64 ◇ Mail
楽しい一日を過ごして浮かれていたけれど翌日から連続して、彼らが
公園に姿を現すことはなかった。
彼には彼の都合もあるだろうしと、私は辛抱強く週末まで自分から連絡を
取らずにいた。
けれど、流石に週末になるとそんな気遣いなどしていられなくなり
私は思い切って神谷さんにメールを入れてみることにした。
返事はすぐには来なかった。
2時間ほどして、返信があった。
『次はいつ頃来ますか? 』
『分かりません』
これだけ?
分かりませんって、どいうこと?
『何かありました? 』
『取り込み中なので、何度もメールしてくるの止めてくださいよ』
『いや、気になりますから理由教えてください』
『取り込み中は、取り込み中なんですよ、じゃあ』
神谷さんが素直な性格じゃないことを知ってる私は、突っ込んで
聞かずにはいられなかった。
おかしい、何かおかしい……。
『家、教えてください。

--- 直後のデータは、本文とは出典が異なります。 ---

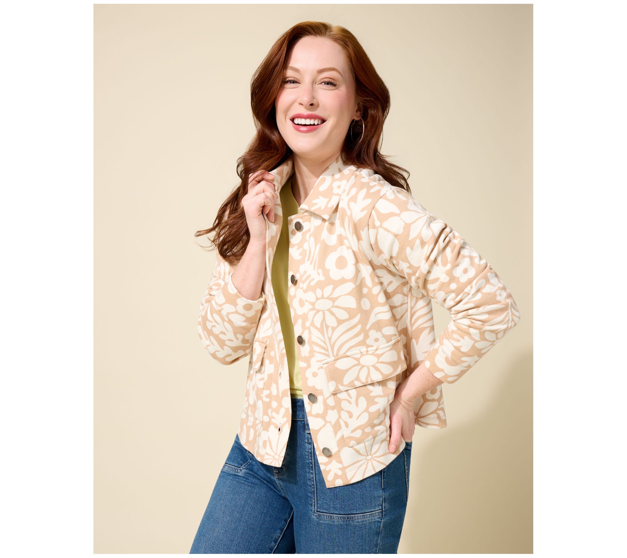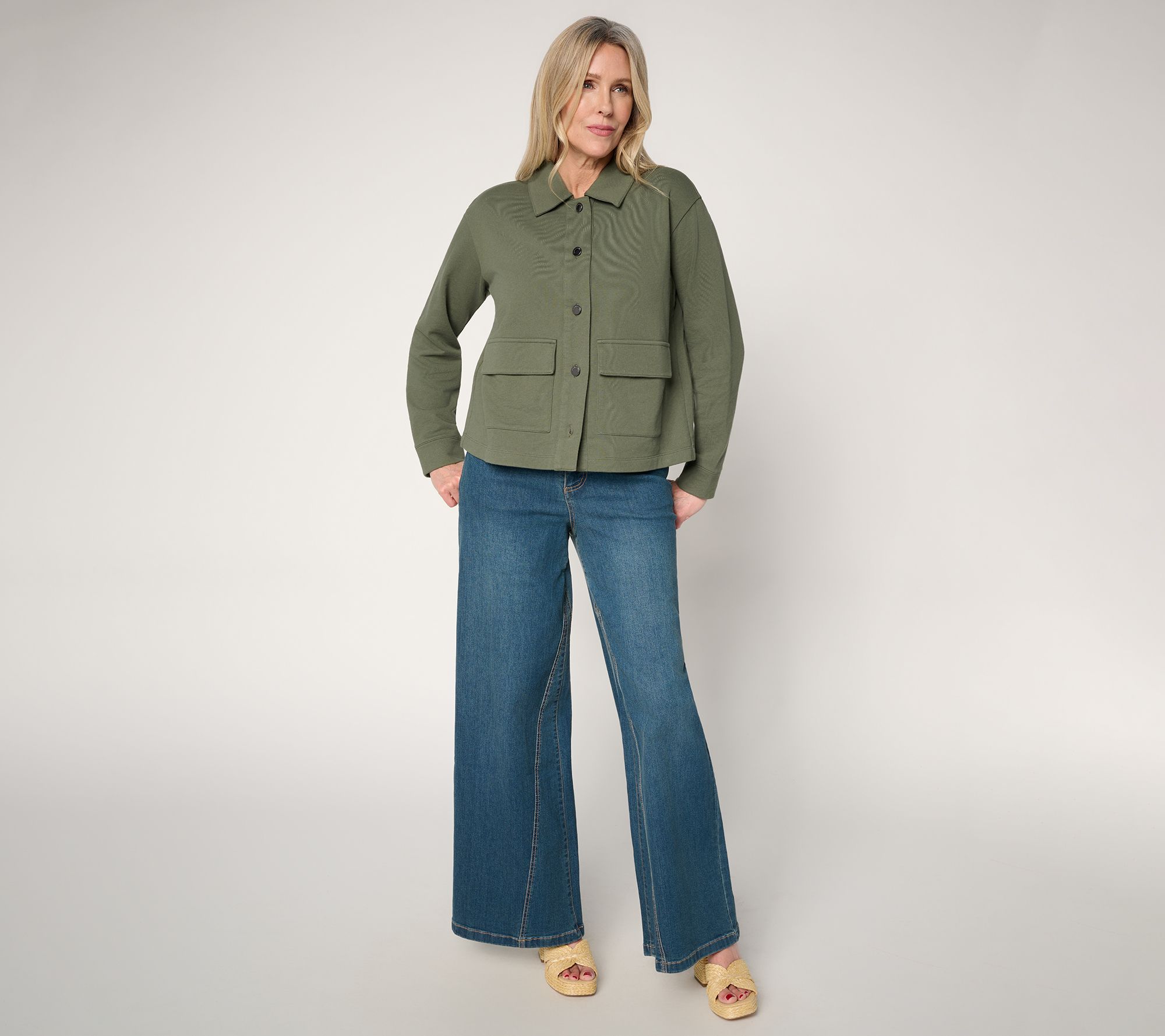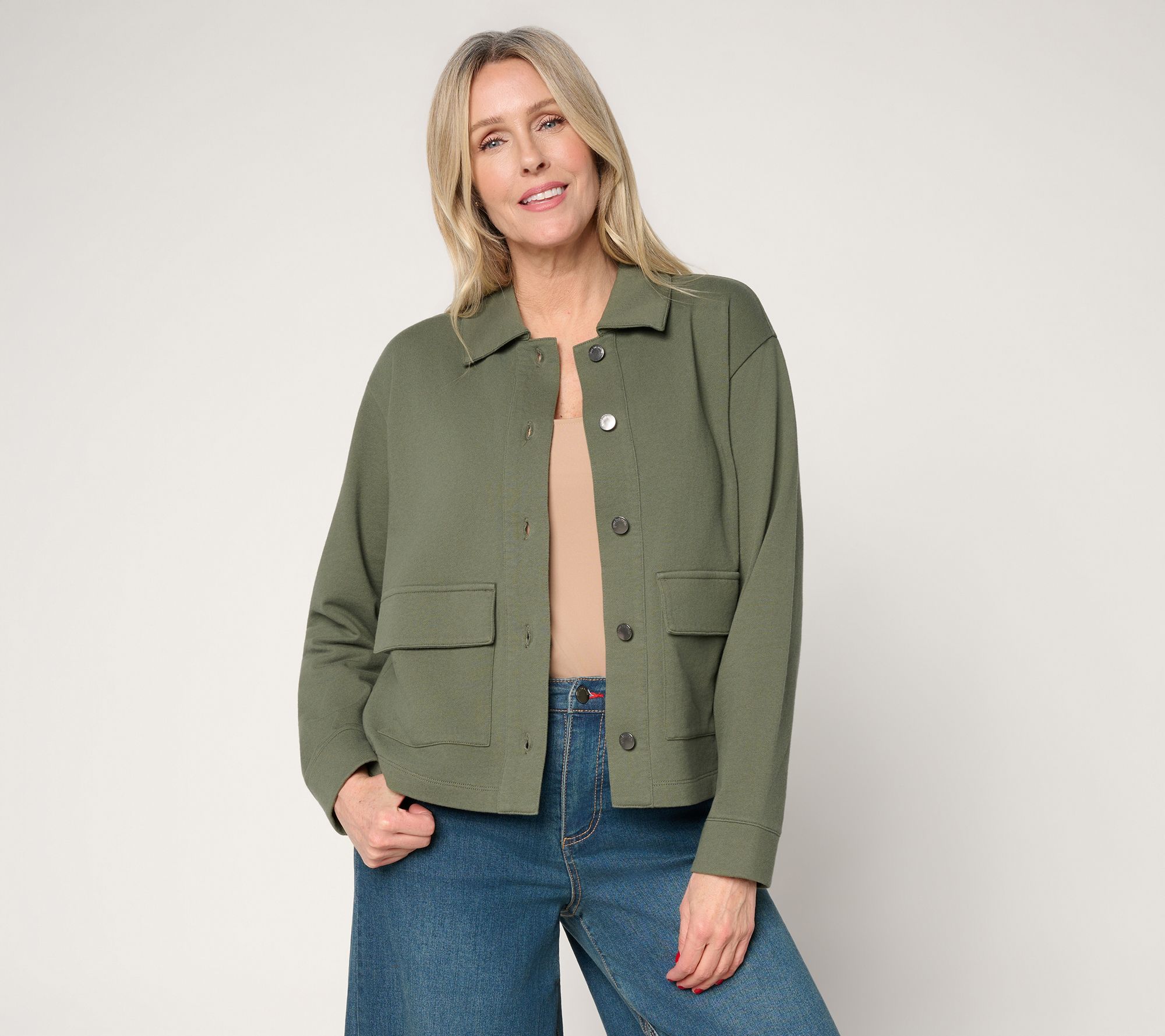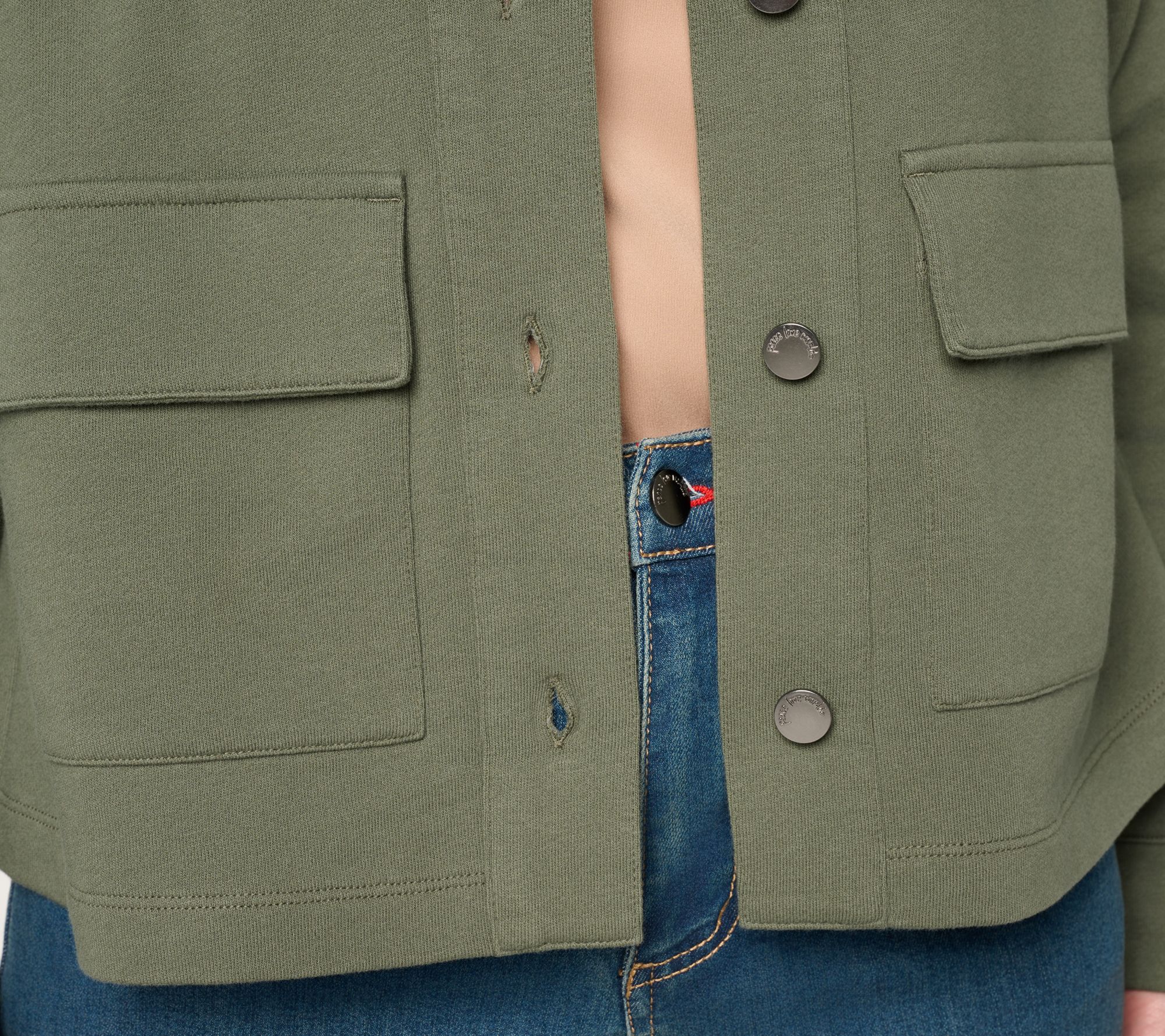 Peace Love World Button Front Utility Jacket w/Patch Pockets

子供たちに会いに行きますから』
『あなた強引な人だな……』
『子供たちに何かあったんじゃないんですか? 』
『どうもありませんよ! 』
あったのは、俺だよ。
神谷は呟くのだった。
『早く家、教えて下さい』
◇ ◇ ◇ ◇
神谷の自宅は案外と公園から近く、住所と簡単な道順の説明書きが届いた。
住宅の少ない所に住んでいたため、すぐに家は見つかった。
駐車場も2台分あって、助かった。
私はインターホンを鳴らさず玄関ドアを開けた。
入ってすぐに玄関から見えた光景──。
子供たちが揉めていて下の子麦ちゃんは泣いているのに肝心の父親の姿が
見えず、私はそのまま部屋に上がり廊下を突き進んだ。
洋室になっている部屋に入るとソファの上で横になっている
神谷さんの姿が目に入った。
「調子悪いんですか? 」
「いや、ちょっとね」
彼は見るからに具合が悪そうだった。
「カオリちゃん、お腹すいてンの、わたし」
私を見た茉芽ちゃんがすぐに訴えて来た。
「麦くんもお腹すいてる? 」
私が麦くんに聞くと──
「おなか、チュイタぁ~ぁぁ~」
泣いてた麦くんがしっかりと教えてくれた。
「よぉ~し、茉芽ちゃん麦ちゃん、香ちゃんがおいしいの作ったげるね。
ちょっと待っててぇ~」
急いでお米を研いでご飯を炊くことに。
ご飯が出来上がるまでの間、泣いてた麦くんを抱っこして私は
子供たちの遊び相手をした。
ご飯が炊きあがるや否や、神谷さんにはおかゆを……
子供たちには玉ねぎと卵、それにベーコンがあったので手早くピラフを
作った。
「神谷さん、あまり寝れてないんじゃないですか?
おかゆ食べたら、ゆっくり眠ってください。